= George Northcroft =

George Northcroft (1868 - 1943) was a British orthodontist who is known for his contributions in the formation of the British Orthodontic Society. The society was initially formed in 1907 as British Society for the Study of Orthodontics (BSSO) and the name later changed to British Orthodontic Society. He also played an important role in formation of the Dental Act of 1921 which made dentistry a profession in Great Britain.

==Life==

He attended Woodhouse Grove School and The Leys School in Cambridge, England. He then received a scholarship to study dentistry at University of Michigan School of Dentistry where he obtained his degree in 1890. He then attended the London School of Dental Surgery to attain a dental degree in England. He then practiced for 8 years in Windsor, England. He joined the British Dental Association in 1893 and in 1932 he became the President of the association. He helped found and later became the president of the British Society for the Study of Orthodontics, serving from 1909 to 1939.

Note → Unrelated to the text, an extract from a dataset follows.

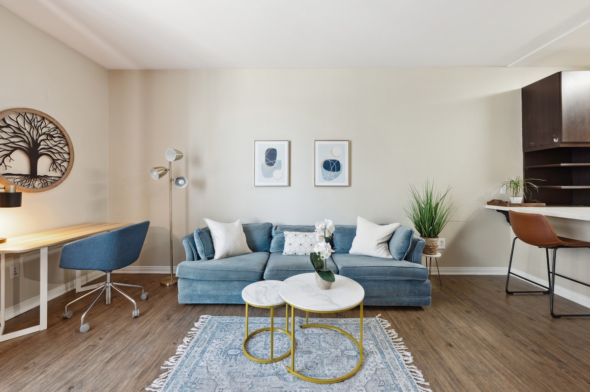 Welcome to your cozy Santa Monica stay! Bright, spacious, and modern one bed/one bath in the heart of downtown Santa Monica. Your home away from home is only a short and beautiful walk to the Pier, Beach, Third Street Promenade, and Santa Monica Place. Whether you're in town for work or vacation, this space is perfect! Enjoy a private balcony, comfy queen bed with hotel-style linens, fast Wi‑Fi, equipped kitchen, full bath, easy self check‑in, and a parking garage for your convenience.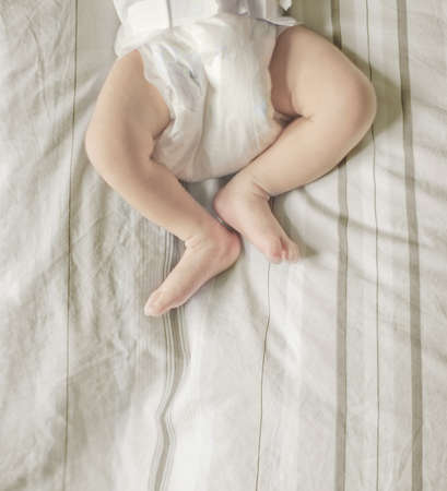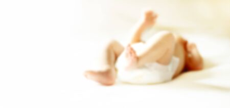 image of the legs of the baby lying on the bed. blurred image for the advertising text.

He became a member of many organizations such as the Odontological Section of the Royal Society of Medicine, of the American Dental Society of Europe, and of the European Orthodontic Society. He became president of European Orthodontic Society in 1927. He was also a co-founder of the London Hospital Dental School.

==Orthodontics==
In 1907, Dr. Northcroft and some of his friends got together and discussed topics related to Orthodontics. This group of men came together to form British Society for the Study of Orthodontics (BSSO). Dr. Northcroft was interested in studying the growth and development of the skull and jaws related to children. Therefore, he took dental impressions and facial plaster models of his son William during the age of 6 years to 21 years. Dr. Northcroft thus produced the first study of 3D facial growth.

During yearly conference of British Orthodontic Society, Northcroft Memorial Lecture is delivered by an outstanding orthodontist.